When plan B needs a plan C
Just a few days ago, news began circulating on the internet of a strange problem with Cisco routers which was easy to identify as it caused complete failure. Shortly afterwards, Cisco issued a warning for specific products which may still be functioning normally but could fail after approximately 18 months of operation without warning. Meanwhile, a list of affected devices has now been published online. But that’s far from the full story. It is now clear that the error was caused by Intel Atom C series processors. A faulty clock signal causes the devices to fail at an accelerated rate – and Cisco is not the only affected manufacturer. Atom processors are used by several other manufacturers including Juniper and Synology. Their customers are currently facing the decision of whether to replace hardware to avoid issues, sit back and hope for the best or vent their frustration at the manufacturers.
Due to the nature of the affected devices, the bug can cause unusual predicaments. If routers, switches or VPN gateways are part of critical redundant infrastructure, the replacement hardware is most likely to be an identical product. If redundant devices fail at the same time as the original device, companies will quickly realize that plan B wasn’t enough and many will not have a plan C.
Things can go wrong and this applies just as much to Intel as any other manufacturer. Software problems are also common and Microsoft’s routine patch day is a prime example. But when software goes wrong, the cause is in the code. Such errors can be easily verified, fixed and updated. But the Intel Atom Bug leads to bricked hardware. Processors in embedded hardware cannot be replaced easily. Defect devices are only fit for throwing away – or may only be repaired through great effort involving reflow soldering at a specialist facility. For Intel and device manufacturers, this could have substantial financial consequences. In a telephone conference, Intel’s CFO spoke of increased failure rates for a specific product and reserves made to deal with this in Q4 2016.

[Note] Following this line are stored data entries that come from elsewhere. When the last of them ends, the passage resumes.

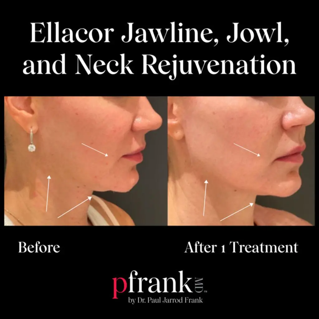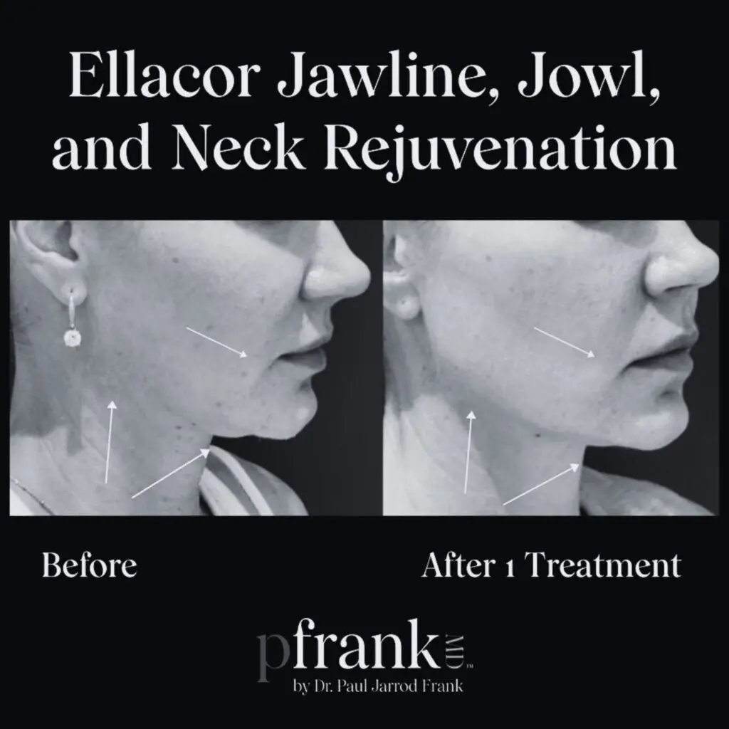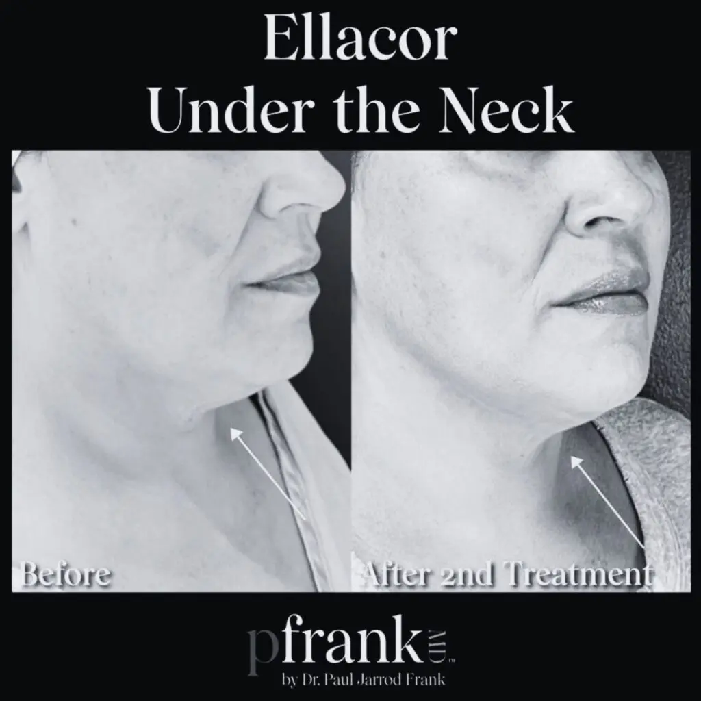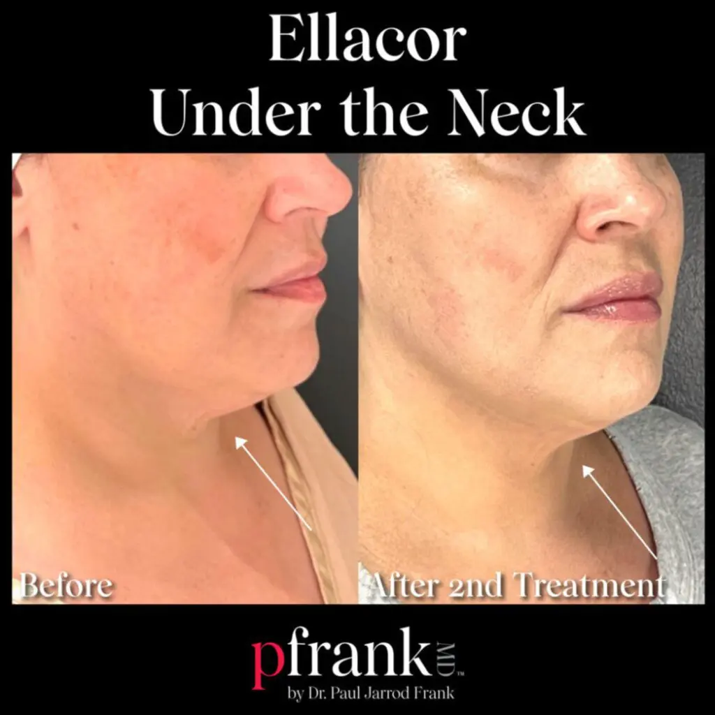Look at these fantastic results achieved by Ellacor after just three treatments to address neck laxity.
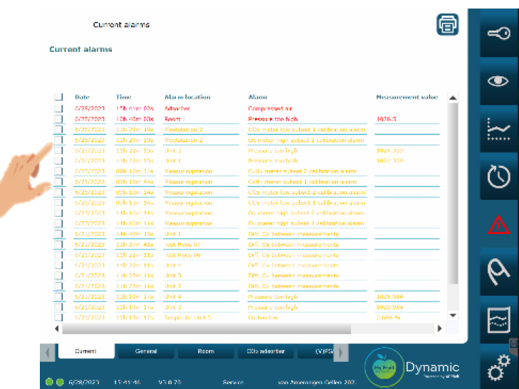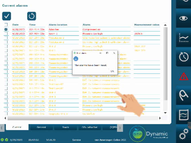 Check the operation of the compressed air compressor and make sure that the output pressure is at least 6 bar. Compressed air may be leaking at the valve set of the CO₂ scrubber. This is because the valves are not fully closed due to pressure deficiency. Solve this by briefly turning the main switch off and on again. Then reset the alarm via the machine(s) display. Finally, reset the alarm in the My Fruit system.
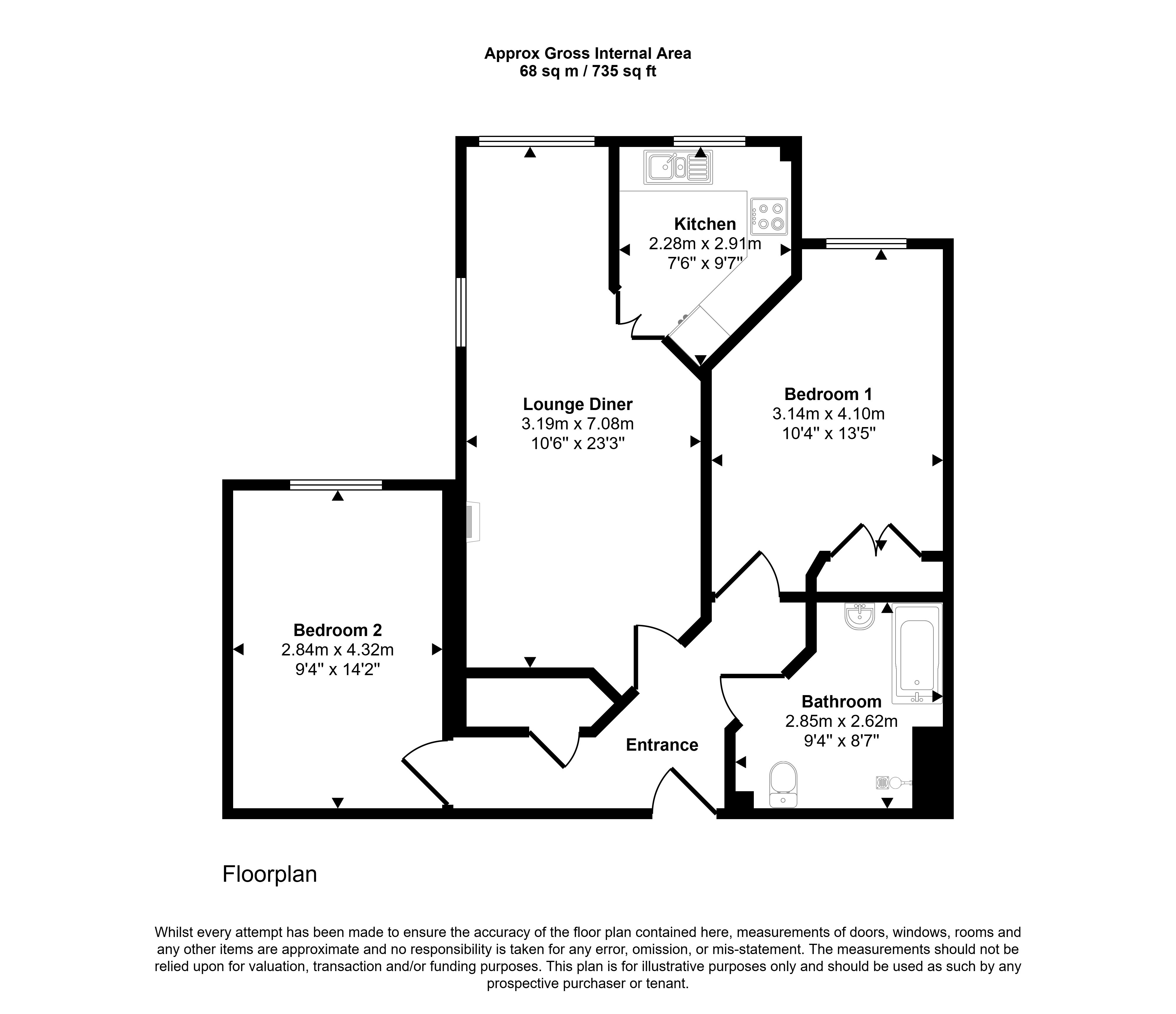 Comprising of an entrance hallway leading to a lounge/diner, kitchen, bathroom, and two bedrooms. This property is being sold with vacant possession, and forms part of a retirement building.

What lessons can be learned from situations like these? Problems of this kind are so rare, no recommendations can be made for specific products or technology – this time routers were affected but tomorrow it might be a SSD controller. However it is an important reminder that although difficult to avoid in today’s markets: relying too heavily on a single manufacturer may have consequences and in this situation, having a plan C is advisable. Perhaps it is time to test critical IT infrastructure and consider alternatives.